Una vez aceptada su presencia en el local de catering, el perrito procedió a olisquear e investigar cada rincón.


Paula lo vigilaba como un halcón, temiendo que hiciera algo terrible. Teresa era una persona maravillosa, pero todo el mundo tenía su límite y no quería que fuera el cachorro quien superara el de su jefa.


—Perdón, Teresa… —empezó Paula, apartando al cachorro de un rincón en el que había varias cajas de cartón—, ¿cuántos años tienen tus nietos?


—¿Por qué? —Teresa le dedicó una mirada intencionadamente disuasoria.


—¿No les encantaría tener un perrito? —ofreció Paula con una sonrisa animosa—. Podrías sorprenderlos con Jonathan.


—¿Jonathan? —Theresa enarcó una ceja, interrogante.


—El cachorrito —Paula señaló al labrador—. Tenía que llamarlo de alguna manera —explicó.


—Le has puesto nombre. Eso significa que ya te has encariñado —apuntó Alfredo, riéndose como si eso diera el asunto por concluido.
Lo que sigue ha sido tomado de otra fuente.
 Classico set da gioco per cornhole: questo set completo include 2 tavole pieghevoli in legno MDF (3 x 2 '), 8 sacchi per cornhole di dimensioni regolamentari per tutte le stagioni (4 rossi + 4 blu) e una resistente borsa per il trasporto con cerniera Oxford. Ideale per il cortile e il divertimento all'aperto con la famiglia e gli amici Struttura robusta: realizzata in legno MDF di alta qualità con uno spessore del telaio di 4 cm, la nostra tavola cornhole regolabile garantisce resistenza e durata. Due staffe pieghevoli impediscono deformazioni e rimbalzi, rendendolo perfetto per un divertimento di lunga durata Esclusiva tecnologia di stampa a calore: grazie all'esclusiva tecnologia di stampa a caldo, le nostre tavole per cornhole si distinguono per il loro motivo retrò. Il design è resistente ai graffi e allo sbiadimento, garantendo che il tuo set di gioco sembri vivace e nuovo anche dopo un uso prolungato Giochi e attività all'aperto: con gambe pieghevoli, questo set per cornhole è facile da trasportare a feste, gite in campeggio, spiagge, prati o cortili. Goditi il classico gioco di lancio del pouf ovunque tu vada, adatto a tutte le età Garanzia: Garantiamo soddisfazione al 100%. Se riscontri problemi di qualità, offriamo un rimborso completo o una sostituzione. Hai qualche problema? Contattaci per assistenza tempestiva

Paula esbozó una expresión de pánico. No quería encariñarse con nada. Aún estaba intentando superar la pérdida de su madre y reorganizar su vida. Asumir algo nuevo, aunque fuera una mascota, era inviable.
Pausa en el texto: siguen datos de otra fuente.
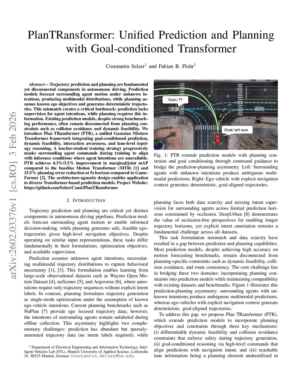 Trajectory prediction and planning are fundamental yet disconnected components in autonomous driving. Prediction models forecast surrounding agent motion under unknown intentions, producing multimodal distributions, while planning assumes known ego objectives and generates deterministic trajectories. This mismatch creates a critical bottleneck: prediction lacks supervision for agent intentions, while planning requires this information. Existing prediction models, despite strong benchmarking performance, often remain disconnected from planning constraints such as collision avoidance and dynamic feasibility. We introduce Plan TRansformer (PTR), a unified Gaussian Mixture Transformer framework integrating goal-conditioned prediction, dynamic feasibility, interaction awareness, and lane-level topology reasoning. A teacher-student training strategy progressively masks surrounding agent commands during training to align with inference conditions where agent intentions are unavailable. PTR achieves 4.3%/3.5% improvement in marginal/joint mAP compared to the baseline Motion Transformer (MTR) and 15.5% planning error reduction at 5s horizon compared to GameFormer. The architecture-agnostic design enables application to diverse Transformer-based prediction models. Project Website:this https URL
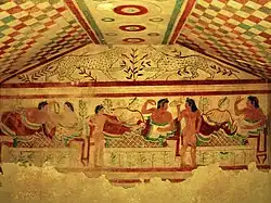 Les fresques, présentes ou relevées dans beaucoup de tombes des nécropoles étrusques, exposent les Étrusques dans le faste du banquet du Triclinium, buvant et mangeant avec opulence (sensible aussi dans le couvercle des sarcophages figurés), la richesse des vaisselles et objets quotidiens (dés) retrouvées dans les tombes, accompagnant le défunt dans l'au-delà avec le souvenir de sa vie terrestre.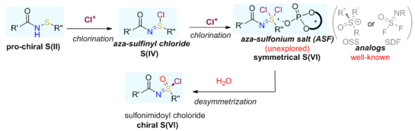 目前,手性六价硫衍生物得制备方法主要包括:以手性亚砜、手性亚磺酰胺,或者手性硫亚胺为底物进行不对称转化;以对称性的砜亚胺为底物,通过催化对映选择性去对称化策略,制备各种类型手性砜亚胺衍生物。这些方法受限于手性底物的制备,或者对称性砜亚胺底物的制备,因此缺少比较通用的制备手性六价硫衍生物(包括砜亚胺、氯代砜亚胺、氟代砜亚胺、砜亚胺酰胺、砜亚胺酯)的方法。研究以潜手性次磺酰胺为底物,通过连续两次氧化氯代生成对称性的二氯代砜亚胺阳离子中间体。该中间体与手性磷酸根形成离子对,通过对映选择性地去对称水解,得到手性氯代砜亚胺(图2)。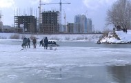 Огромную льдину с рыбаками оторвало от берега и унесло в Енисей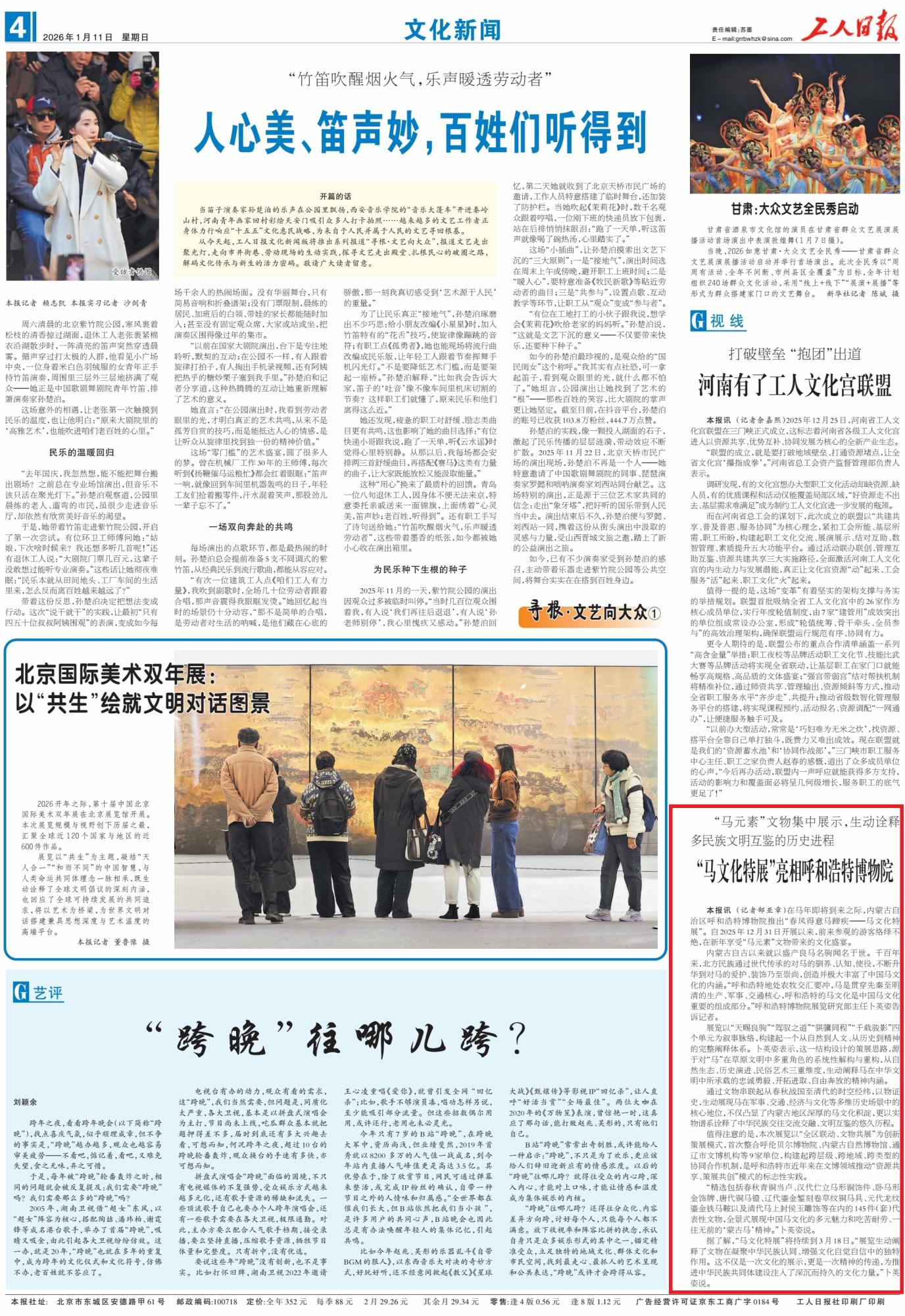 2026年1月11日,《工人日報(bào)》第4版刊發(fā)了《“馬文化特展”亮相呼和浩特博物院》的文章,報(bào)道了馬年即將到來之際,呼和浩特博物院于2025年12月31日推出“春風(fēng)得意馬蹄疾——馬文化特展”,吸引眾多游客前來領(lǐng)略馬元素文物的文化魅力,展覽將持續(xù)至3月18日。

—No, claro que no —protestó—. Simplemente no podía seguir llamándolo «él».


—Claro que podías —la contradijo Alfredo con certidumbre—. Que no quisieras hacerlo significa que ya has creado un vínculo con esa inquieta bola de pelo.
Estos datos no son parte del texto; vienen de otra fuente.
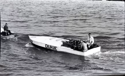 Black and white negative taken during the 1949 Gold Cup Race held on the Detroit River of DUKIE, (G-9), under tow, with the driver and his mechanic on board. Owned by Howard Hughes of Detroit, presumably one of the two figures in the boat, they failed to qualify for the race.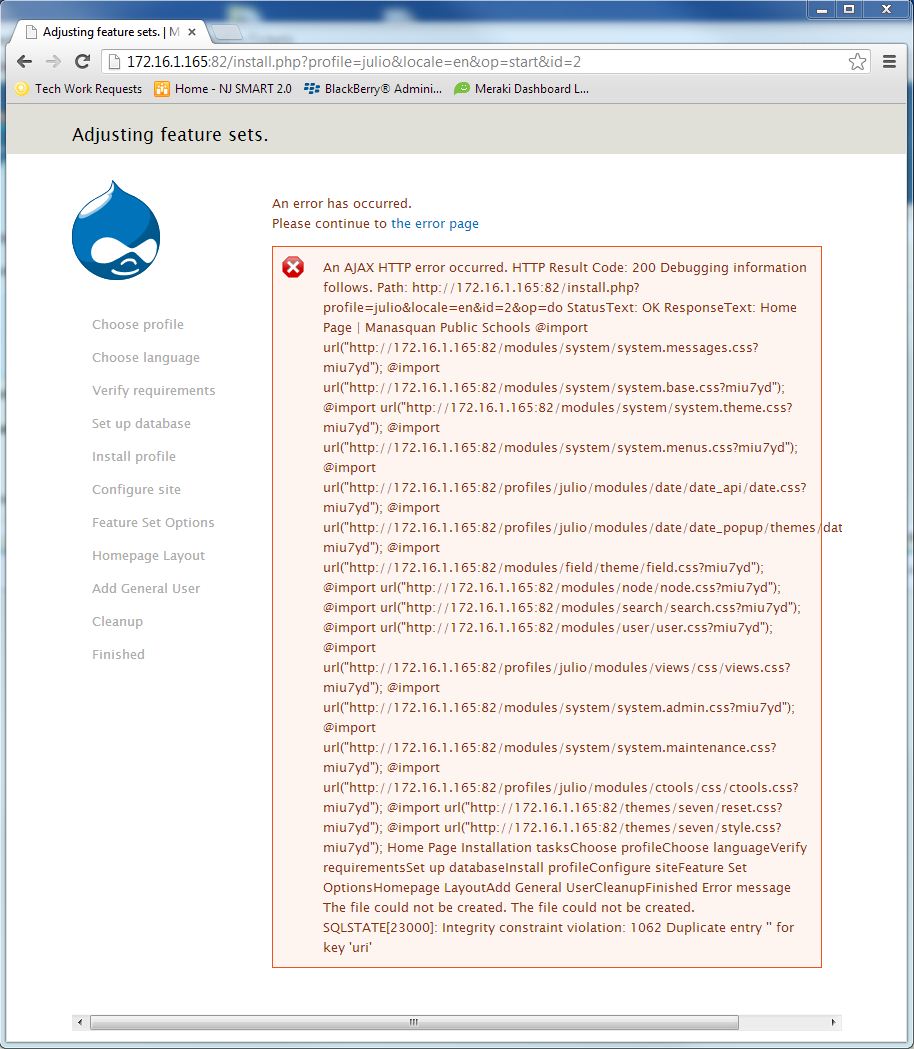 During installation during the Adjusting feature set phase a full page of errors comes up that I am not sure how to interpret. When I click continue to the error page the installation continues but then the site does not function - looks like no css files load among other problems. Any idea what is causing this? I've done two clean installs now and the same problem.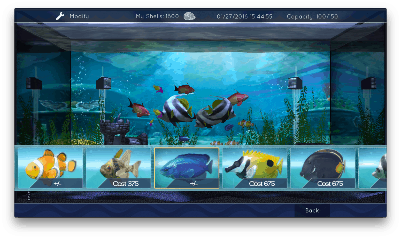 Next, onto the fish. The app includes ten different types of fish each with their own cost. Some less expensive while the most expensive fish are 675 shells. Once you buy a fish you can choose how many you want in the tank. Adding more fish costs more shells. And don’t forget, you can only add as many as the capacity of your tank allows. I added about 20 fish to my tank before it started to get a little overly crowded.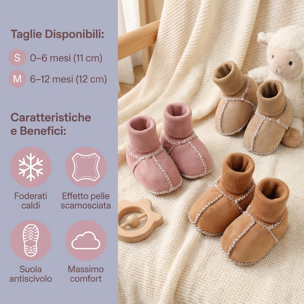 Calzini-scarpe invernali per bebè foderati con effetto pelle scamosciata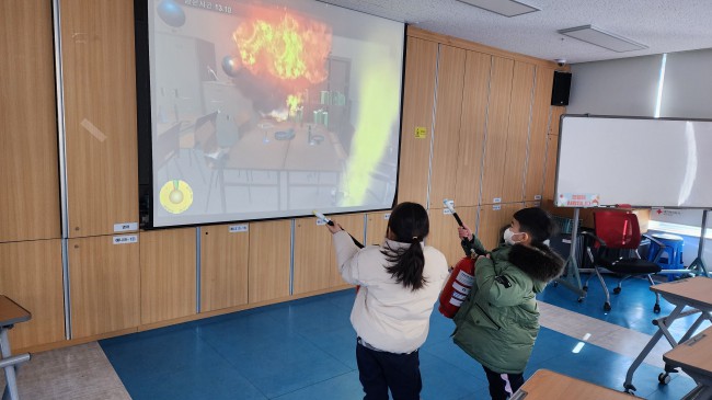 소화기 사용법을 배우고 열심히 불을 꺼봅니다.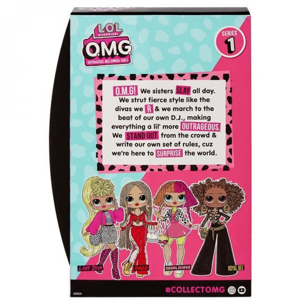 Η οικογένεια των L.O.L. Surprise μεγαλώνει! Ήρθαν οι κουκλες O.M.G., οι μεγαλύτερες αδελφές των L.O.L. Surprise για να μοιράσουν ακόμα περισσότερη λάμψη στον L.O.L. κόσμο! Ντυμένες και χτενισμένες στην τελευταία λέξη της μόδας, το look τους θα συζητηθεί! Έχουν εκρηκτικές προσωπικότητες με glamorous ύφος και ξεχωρίζουν σε κάθε τους βήμα μετατρέποντας τους δρόμους σε πασαρέλα! 4 μοναδικοί χαρακτήρες! Γνώρισε την ROYAL B! Είναι μοντέρνα, θαυμάσια με έντονη προσωπικότητα και στυλ! Της αρέσει να είναι πάντα δίπλα στις φίλες της και να τους βοηθάει όπου την χρειάζονται! Γνωρίζει πολύ καλά πως μπορείς να καταφέρεις τα πάντα όταν πιστεύεις στον εαυτό σου και αυτό λέει και στις φίλες της! Κούκλα-μόδας O.M.G. LoL Surprise με μοναδικό στυλ, χτένισμα και αξεσουάρ! Διαθέτει πολλαπλές αρθρώσεις για τις πιο μοδάτες πόζες! Περιεχόμενα Κούκλα Royal Bee (ύψους 23 εκ.), 1 σύνολα ρούχων, 1 ζευγάρι παπούτσια, αξεσουάρ, καπελοθήκη, βούρτσα, βάση κούκλας. Κάθε κούκλα είναι η αδερφή ενός δημοφιλούς L.O.L. Surprise χαρακτήρα. Με επαναχρησιμοποιούμενη συσκευασία που λειτουργεί ως Playset.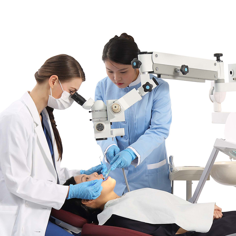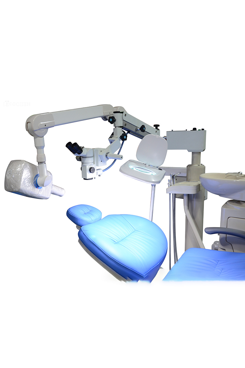 1. Microscope with micro- fine foot pedal: improve the dentist’s work & increase the reputation of clinic; 25cm working distance; with 5 levels changer of magnification, biggest one 20.4X; with fiber optic light.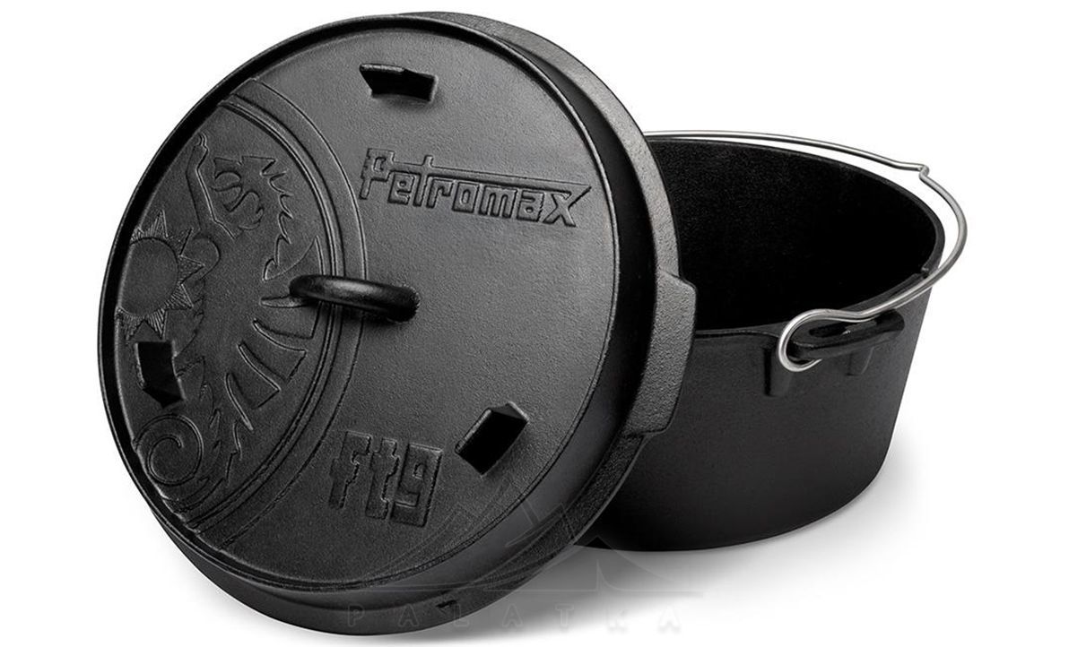 Казан-жаровня Petromax Dutch Oven — чавуний казанок 2 в 1, для приготування їжі на вугіллі, плиті, духовці, або над багаттям. Підходить для випічки, десертів і приготування соусів.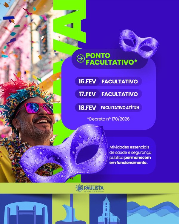 A Prefeitura Municipal de Paulista, no Sertão da Paraíba, publicou o Decreto nº 170/2026 que estabelece ponto facultativo nas repartições públicas [...]

—No, nada de vínculos —negó Paula con firmeza—. Ni siquiera sé cómo relacionarme con un animal. La única mascota que he tenido en mi vida fue un pececito de colores, Seymour, y solo vivió dos días —no dijo que eso la había convencido de que no estaba capacitada para ocuparse de mascota alguna.


—Entonces, ya es hora de que vuelvas a intentarlo, Paula —aseveró Alfredo que, obviamente, no veía las cosas de la misma manera—. No puedes aceptar la derrota con tanta facilidad.


—Teresa… —Paula apeló a la compasión de su jefa.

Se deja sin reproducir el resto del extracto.